Yomawari Sure Makes Japanese Horror Emotional

Yomawari Sure Makes Japanese Horror Emotional

From the moment I saw the first trailer, I knew I wanted to try Yomawari out. It looked both adorable and horrifying, but I had no idea just how powerful the experience would be.

Yomawari is a game from Nippon Ichi Software for the PS Vita. I think it should be classified as a horror game, but what I got was much more.

The game centres around a little girl. After both her dog and her older sister disappear, she is left to search through the dark and spooky town for them. Soon it becomes clear that there are dangerous otherworldly things out there in the night.

Yomawari Sure Makes Japanese Horror Emotional

Right from the start, Yomawari uses the juxtaposition of adorable and freaky to great effect.

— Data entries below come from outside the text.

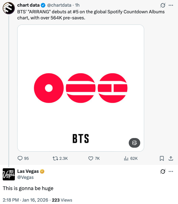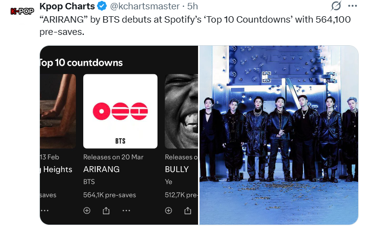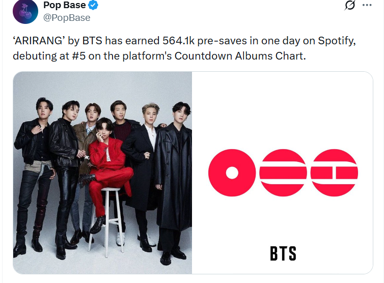 ✨อัลบั้ม 'อารีรัง' ของ BTS ทำลายยอดสถิติ Pre-save วันแรก สูงสุดเป็นประวัติการณ์บนชาร์ต Spotify Countdown Albums 🔥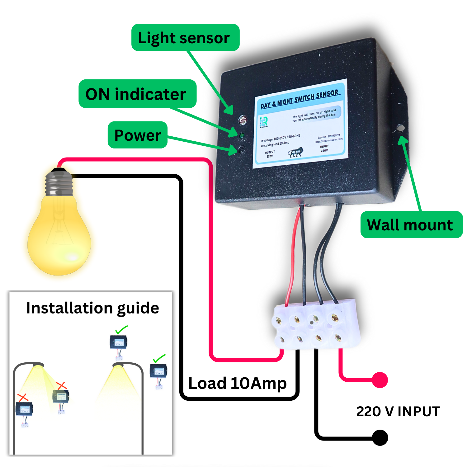 This device turns off the light during the day and turns it on at night. It works through LDR sensor.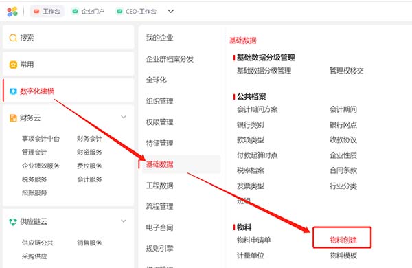 1、路徑:數(shù)字化建模-基礎(chǔ)數(shù)據(jù)-物料創(chuàng)建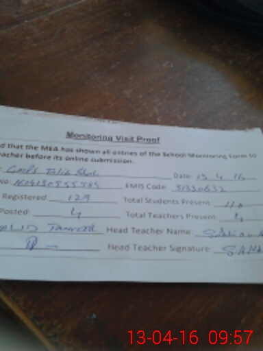 | Attendance Register | Head Teacher | MEA with School | Visit Proof |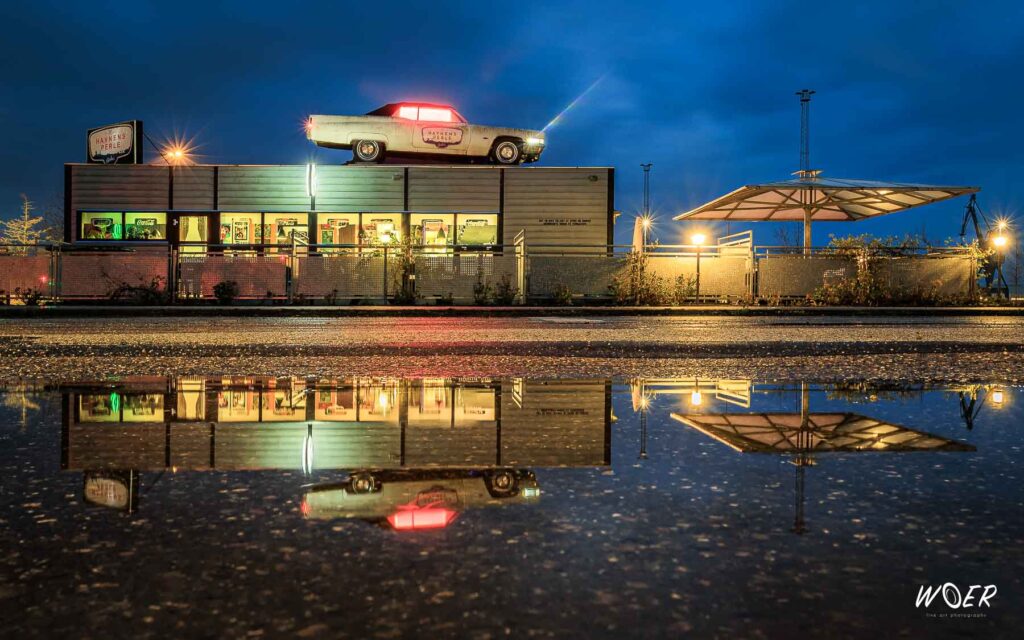 Et af mine mere populære fotografiske værker er uden tvivl ”Havnens Perle” fra 2024. Fotografiet blev taget dagen efter et stort regnskyl, hvor der var rig lejlighed til at tage spejlingsbilleder — som du nok kan se på denne hjemmeside — og spejlinger er en af mine laster.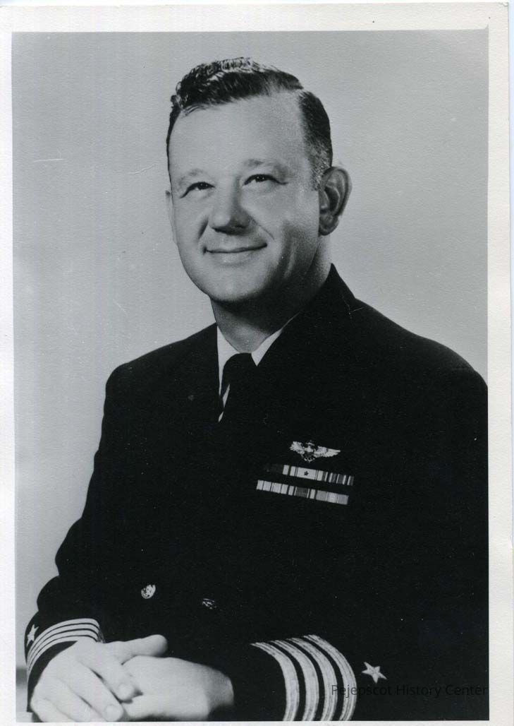 A waist up portrait of an unidentified Navy officer. He wears four strips at his wrists and two rows of ribbons on his chest. The single star on his sleeve indicates that he is a Rear Admiral. The back reads; "U.S. NAVY AIR STATION BRUNSWICK, MAINE" "RELEASED if published credit must be given as follows ' official photograph of the U.S. Navy'" Undated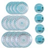 O Aparelho de Jantar e Chá Mandala veio para integrar sua cozinha com requinte e proporcionar que você sirva seus convidados de forma elegante. Feito em cerâmica para gerar maior resistência e durabilidade, o conjunto conta com 20 peças decoradas com elementos inspirados nos desenhos das mandalas proporcionando uma decoração versátil para seu ambiente. Especificações Complementares: Marca: Oxford Referência: 091086 Modelo:AE20-5258 Linha: Mandala Ean: 7891361225132 Cor: Azul Claro Material: Cerâmica Medidas do Produto- cm (LxCxA):19x37x27cm Peso: 7,700kg Garantia: 3 Meses -
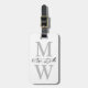 Create Your Own Stylish Modern Custom World Traveler Vertical Monogram Name Luggage Tag. This clean and modern luggage tag brings a personalized touch to any trip, perfect for anyone who loves to travel with style. The front features a soft gray two-letter serif monogram using the first and last initials, stacked vertically with your full name in black handwritten script centered between them. The white background keeps the look fresh, minimal, and versatile for both men and women.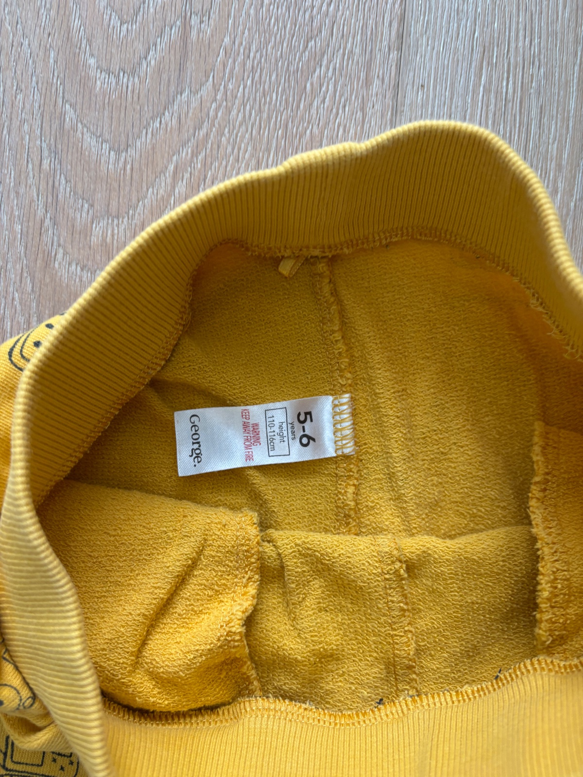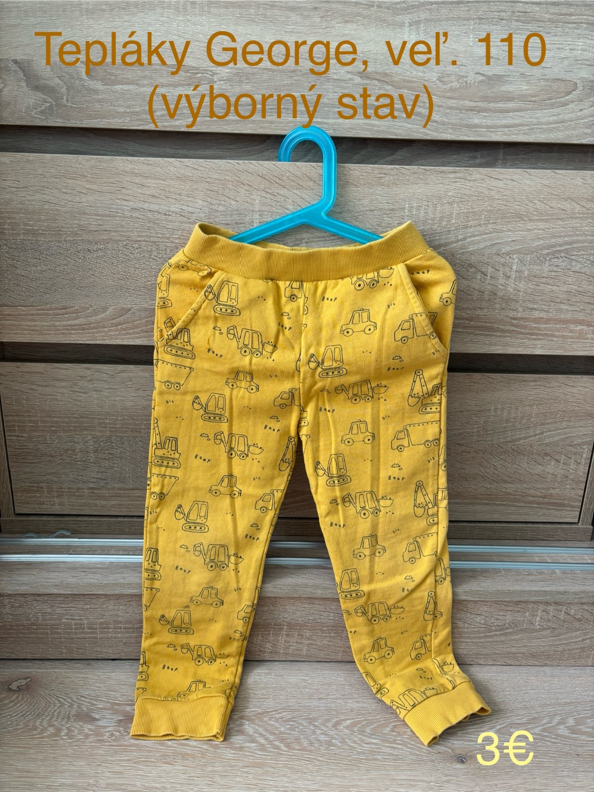 Krásne žlté tepláky s motívom autíčok, 2 bočné vrecká, pekná farba - zlto horčicová.

The protagonist little girl is so cute and innocent in design that you immediately feel drawn to her plight. Then there is the setting she runs about in. Dark and foreboding, the peaceful town seems threatening and dangerous at night. The isometric view also helps to make everything seem more beautiful and scary. And then there’s the initial tutorial.

It’s already been mentioned, but the tutorial for Yomawari is perhaps the most shocking and affecting tutorial for a game I have ever experienced. Without going into spoilers, the fact that what happens, happens, and that the game pretty much tricks you into making it happen is a masterful stroke of genius I’ve rarely seen. It’s brutal, comes out of nowhere, and immediately makes you part of the story at hand.

One of the more affecting aspects of Yomawari is that it is a coming of age story of a little girl learning of mortality — her own and of those around her. Initially she seems almost stupidly ignorant of most of the things going on around her, with only the guidance of the player to keep her out of harm’s way. But as the story progresses, and she continues to encounter and interact with forces from beyond, you get to see the dawning realisation on this little girl. The whole thing is very touching and very emotional and gave me flashbacks of watching the Charlotte’s Web cartoon as a child.

Yomawari Sure Makes Japanese Horror Emotional

The colourful palette of creatures that inhabit the world of Yomawari is quite fascinating. Indeed, most things will attempt to kill you when you approach them, but interestingly enough, others are completely harmless despite their creepy or unsettling appearance. That said, the designs of the monsters are unsettling and freakish and never really stop being frightening whenever they show up.

Yomawari Sure Makes Japanese Horror Emotional

The game captures much of the Japanese heart of ghost stories in that many of these beings aren’t good or evil, they’re forces of nature that simply are. There’s no getting rid of them, no pleading that will make them forgive your trespasses, no knocking the bad guy into a pit of fire and then having credits roll. These things are a part of the world just as much as you are and the only solution is to try to coexist without having them kill you. The game’s ending really drives that point home and even after I cleared the game, I spent several hours thinking the whole experience over.

Yomawari Sure Makes Japanese Horror Emotional

If there is a problem with the game it’s that you will die. A lot. By lack of skill or by accident, you will meet your grizzly end again and again. The game takes this into account by saving your progress and letting you keep things you’ve obtained right up to when you were turned into a black screen full of red splatter. Unfortunately, this cycle of try, die, repeat lends itself into some moments of monotony and pattern memorization where you will be trying to navigate the same maze of shadow creatures for the umpteenth time without being slaughtered.

Yomawari Sure Makes Japanese Horror Emotional

For me, Yomawari was a game I had high expectations for that still managed to surpass all of them. From its charming yet haunting atmosphere to a very subtle yet powerful story I absolutely loved my time with it. The game is short by modern gaming standards (about 4 to 5 hours depending on your skill), but as a horror game, it’s a perfect length that keeps it from ever overstaying its welcome and becoming mundane. There’s not much in the realm of replayability unless you want to experience the same story again, but it is still most definitely a game worth experiencing.

Yomawari Sure Makes Japanese Horror Emotional

Yomawari is currently available for the PS Vita in Japan. No word on a Western release, but Nippon Ichi Software tends to be fairly good about these things.